Correct. I had it in Kontact, was able to crossgrade and complete the bundle with credit for the one I had plus a promotional discount. Happy.



Zanshin said:


> To answer your question - yes. You could load the whole instrument in and then switch arts once it's loaded.


Hmm, so Time Micro has a lot of "patches" (not sure what they should be called, they aren't instruments per se) in folders that have a single articulation each. I can't drag a folder to the articulation list, only a patch, which doesn't really buy me much or give me a fast browsing experience since I have to do it for every patch.


----------



## Evans (May 11, 2022)

Dang, still odd speed issues.











Restarting SINE sometimes kicks downloads into super speed for about five minutes before they eventually slow down again. I've had fast downloads on SINE before, FWIW.


----------



## Drumdude2112 (May 11, 2022)

I very much like the sound of these libs..Price is tempting too….just worried i won’t actually USE them all that much…then again, i haven’t seen the walkthroughs so I can't really say I know all they have to offer. the bundle is only 100 euro's off so if I pass on it now, and want it later it ain't THAT much more (excuse me as I'm thinking out loud lol ) …DILEMMA lol


----------



## Laurin Lenschow (May 11, 2022)

A demo of Time Macro being used in context will be up on my 2nd channel within the next few hours


----------



## G_Erland (May 11, 2022)

Micro is really a favourite here, cant wait to start using it in sine!


----------



## OrchestralTools (May 11, 2022)

G_Erland said:


> Micro is really a favourite here, cant wait to start using it in sine!

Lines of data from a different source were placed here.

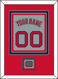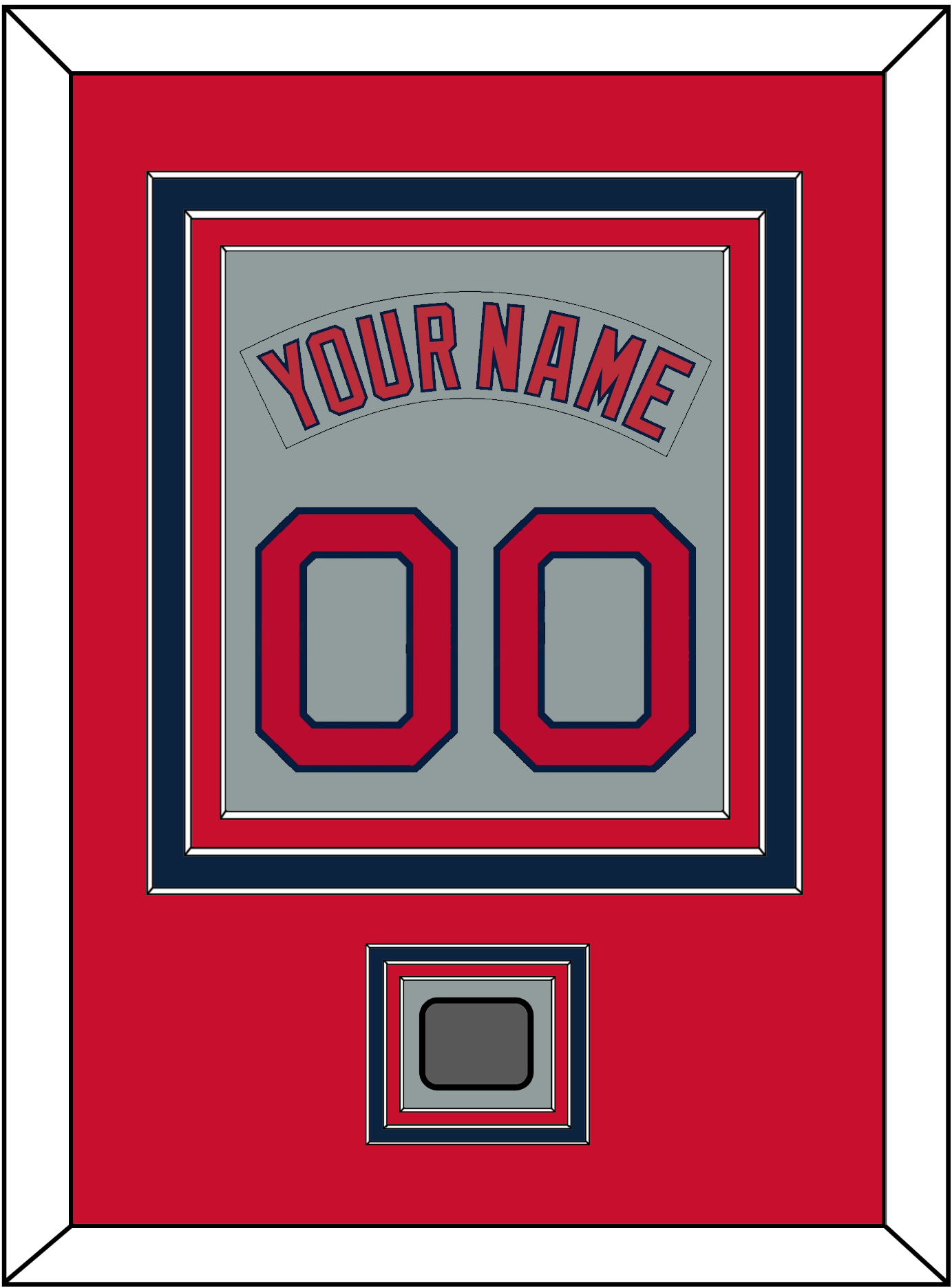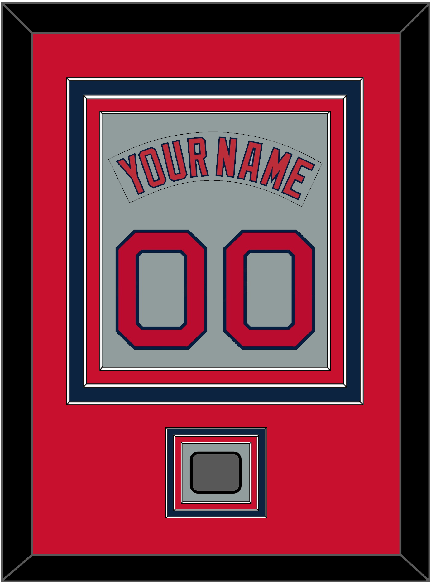 Boston Road Gray Jersey (1992 Through 2008) Nameplate & Number (From The Back Of The Jersey) With 2004, 2007, 2013 Or 2018 World Series Champions Patch. Triple Mat Cut: Red Mat Over A Blue Mat Over A Red Mat. Gray Nameplate, Red Number & Patch Mounted On A Gray Mat. White Or Black Frame.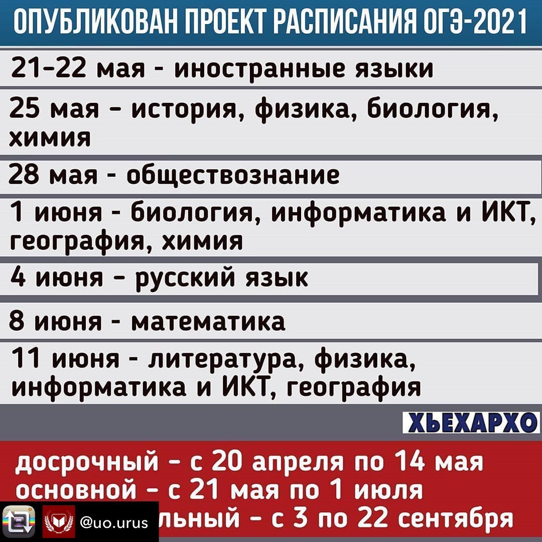 12.10.2020Министерство просвещения опубликовало проект расписания Основного государственного экзамена (ОГЭ) для выпускников девятых классов. Он также пройдет в три этапа: досрочный - с 20 апреля по 14 мая, с 21 мая по 1 июля - основной, и дополнительный - с 3 по 22 сентября.Основной период:21 мая (пятница) - иностранные языки (английский, французский, немецкий, испанский);22 мая (суббота) - иностранные языки (английский, французский, немецкий, испанский);25 мая (вторник) - история, физика, биология, химия;28 мая (пятница) - обществознание;1 июня (вторник) - биология, информатика и информационно-коммуникационные технологии (ИКТ), география, химия;4 июня (пятница) - русский язык;8 июня (вторник) - математика;11 июня (пятница) - литература, физика, информатика и информационно-коммуникационные технологии (ИКТ), география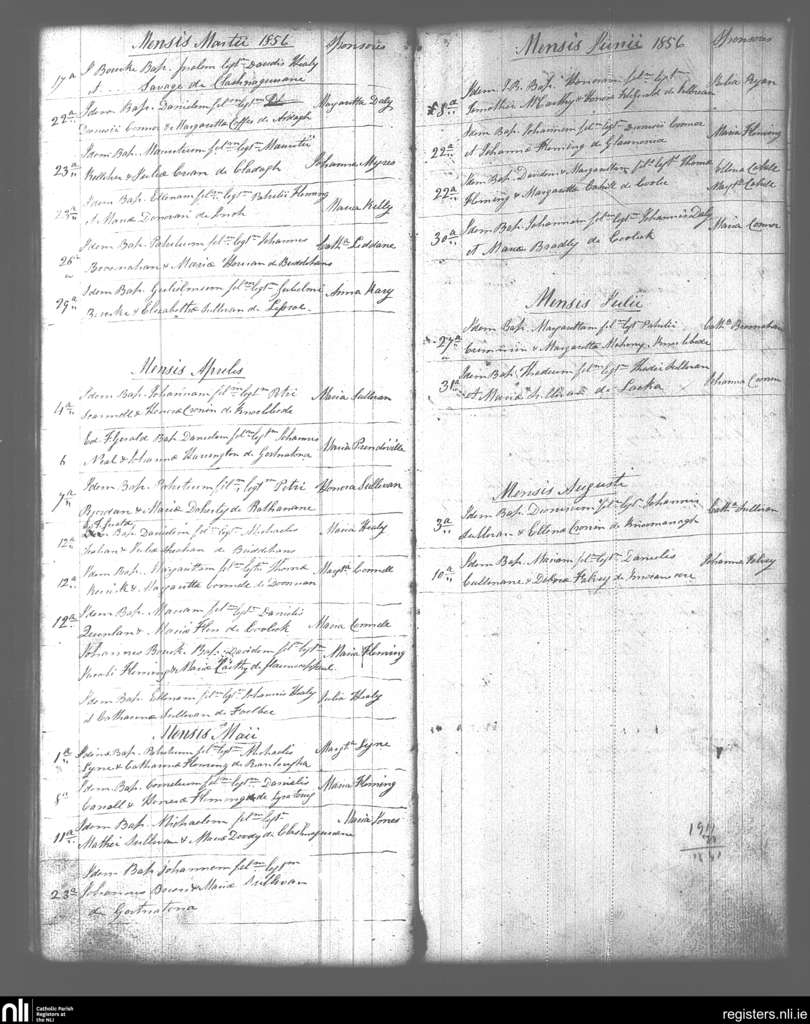 Kilcummin; County of Kerry; Diocese of Kerry. Baptisms, Mar. 1856 to Aug. 1856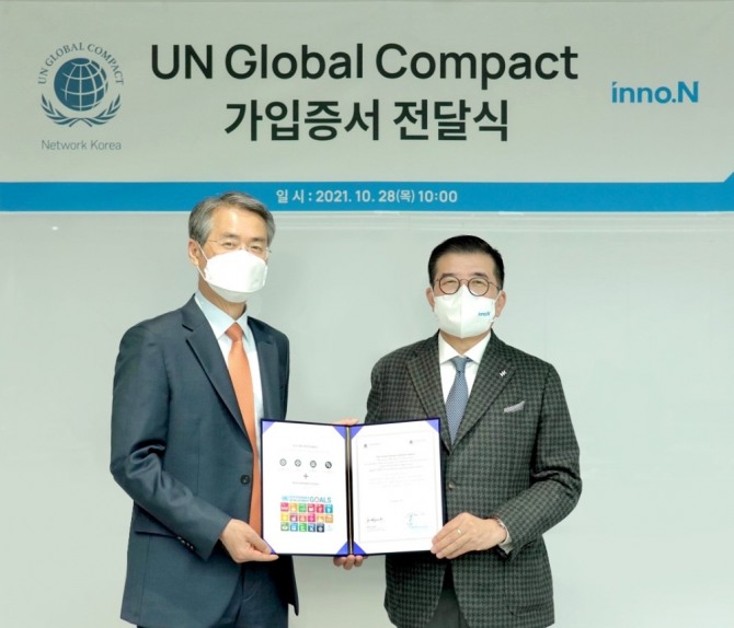 HK inno.N은 28일 서울 중구 본사에서 UNGC 가입증서 전달식을 가졌다. 전달식에는 강석희 HK inno.N 대표와 권춘택 UNGC 한국협회 사무총장 등 양측 주요 관계자들이 참석했다.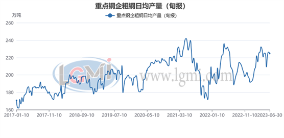 據中國鋼鐵工業協會統計數據顯示,2023年6月下旬重點鋼企生鐵日均產量202.87萬噸,旬環比上升0.52%,同比上升4.59%;6月下旬重點鋼企粗鋼日均產量224.6萬噸,旬環比下降0.74%,同比上升7.0%;6月下旬重點鋼企鋼材日均產量230.65萬噸,旬環比上升6.41%,同比上升6.9%。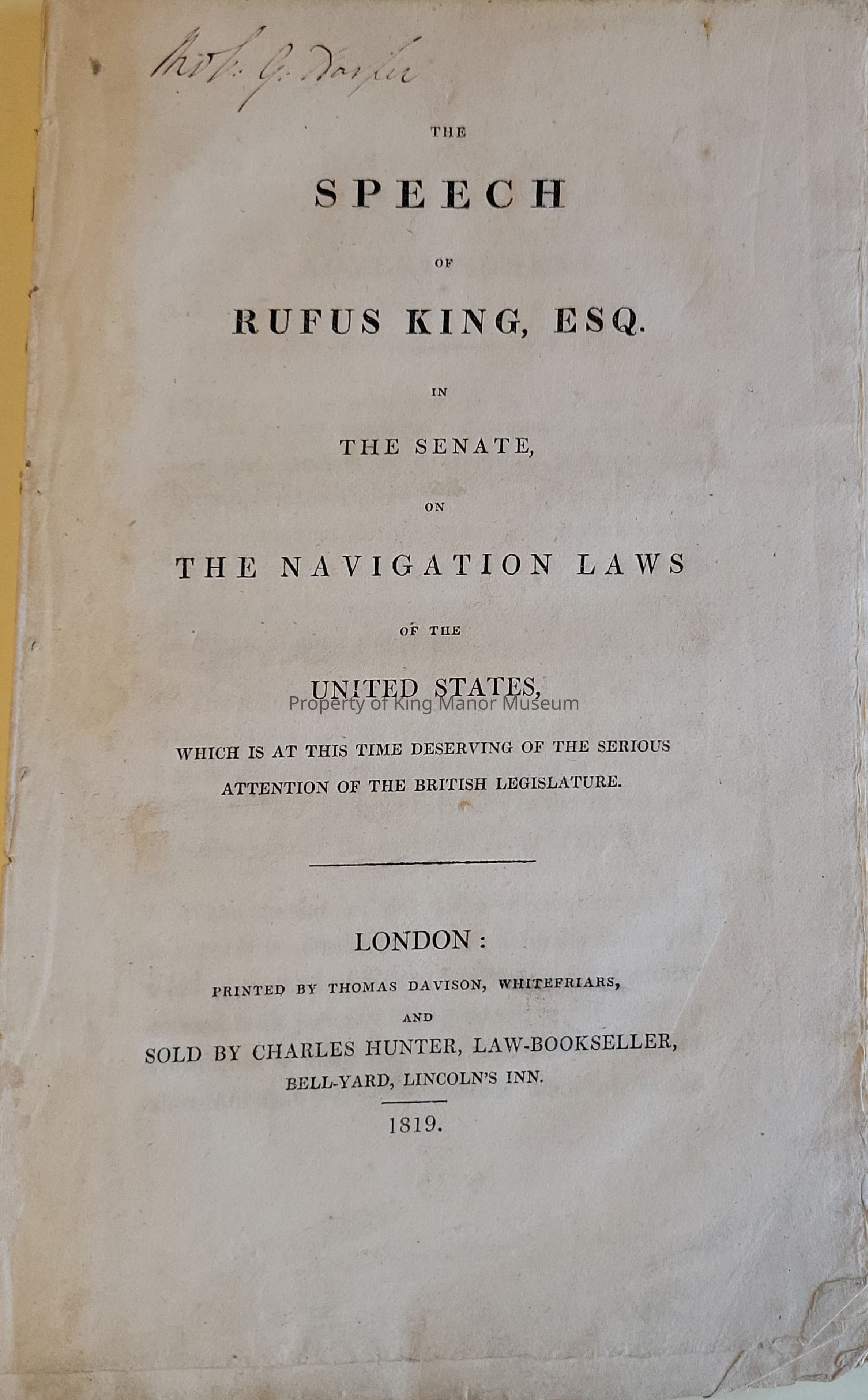 The Speech of Rufus King, Esq. in the Senate, on the Navigation Laws of the United States, Which Is at This Time Deserving of Serious Attention of the British Legislature. 1st U.K. ed., signed by politico Robert G. Harper

Amazing - let us know how you get on with it!


----------



## emilio_n (May 11, 2022)

Time libraries Sine version installed. Smooth process.
Sine is relatively stable to me, and to be honest, I prefer it in many ways to Kontakt. I backup my Kontakt version, but I don't think I will need it again. 
I hope Sine 2.0 arrives soon with all the functionalities that we are missing.


----------



## Baronvonheadless (May 11, 2022)

What are one or two a la carte options from macro or micro y’all would suggest who own it as a must have or something you can’t get in another library?


----------



## ism (May 11, 2022)

Baronvonheadless said:


> What are one or two a la carte options from macro or micro y’all would suggest who own it as a must have or something you can’t get in another library?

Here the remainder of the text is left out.